[Exercise details]: Scan the records for the string "DIAP", then copy each line that has it.

[Records excerpted from a collection]
%%

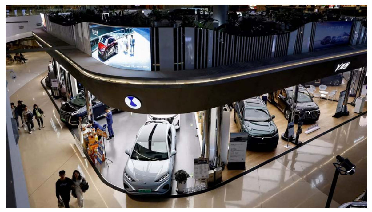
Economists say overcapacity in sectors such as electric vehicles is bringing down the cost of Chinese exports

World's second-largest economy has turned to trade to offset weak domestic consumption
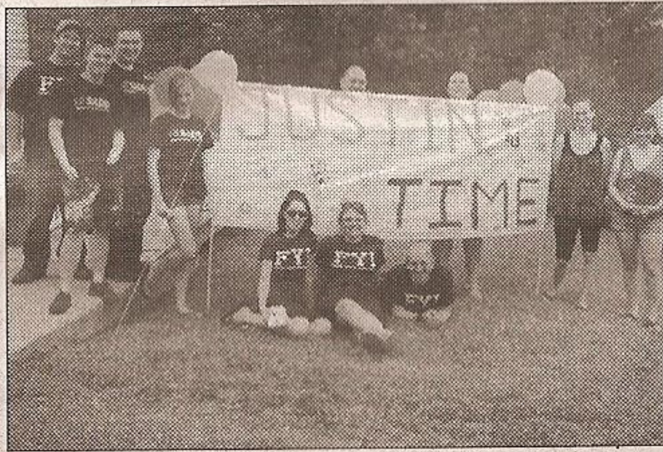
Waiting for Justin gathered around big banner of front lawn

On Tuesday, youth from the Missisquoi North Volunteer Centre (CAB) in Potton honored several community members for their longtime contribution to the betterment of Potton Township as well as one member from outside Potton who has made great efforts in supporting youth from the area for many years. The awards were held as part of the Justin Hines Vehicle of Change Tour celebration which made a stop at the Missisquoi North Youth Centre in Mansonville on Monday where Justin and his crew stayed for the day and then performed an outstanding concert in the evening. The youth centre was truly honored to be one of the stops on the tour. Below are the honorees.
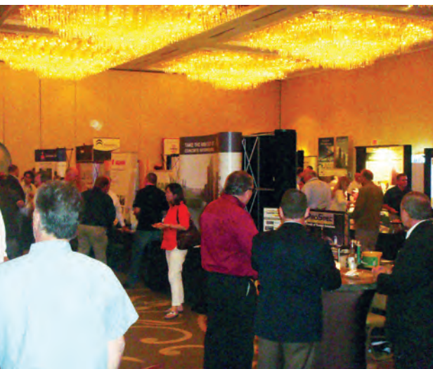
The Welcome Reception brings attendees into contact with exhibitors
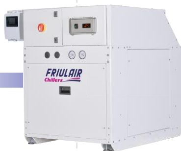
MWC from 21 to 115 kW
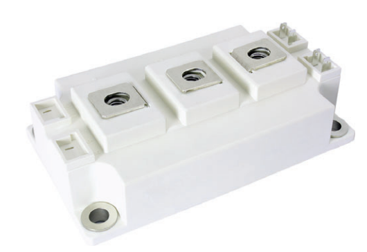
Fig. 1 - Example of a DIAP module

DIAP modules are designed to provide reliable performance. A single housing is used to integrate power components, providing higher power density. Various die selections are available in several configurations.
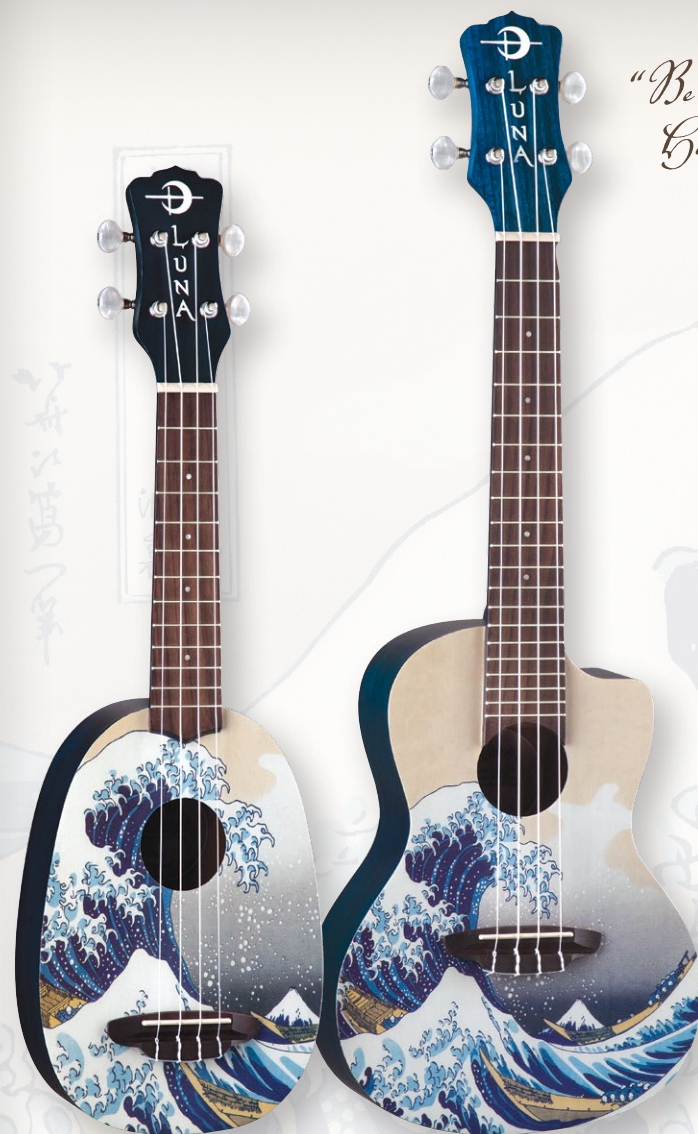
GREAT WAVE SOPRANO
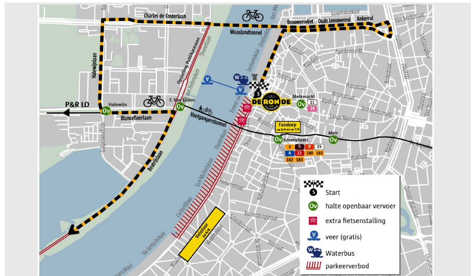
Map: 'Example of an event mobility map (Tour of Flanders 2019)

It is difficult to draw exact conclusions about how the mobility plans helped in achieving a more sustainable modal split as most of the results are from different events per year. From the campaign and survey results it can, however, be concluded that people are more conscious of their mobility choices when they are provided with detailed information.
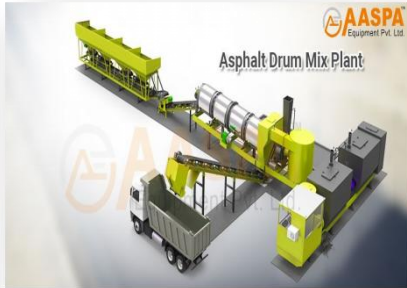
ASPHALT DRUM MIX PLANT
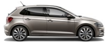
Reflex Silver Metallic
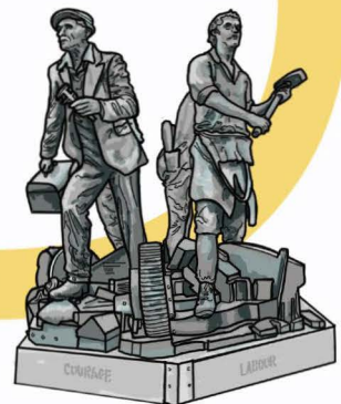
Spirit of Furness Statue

%%

[Solution to the problem]:
Fig. 1 - Example of a DIAP module
DIAP modules are designed to provide reliable performance. A single housing is used to integrate power components, providing higher power density. Various die selections are available in several configurations.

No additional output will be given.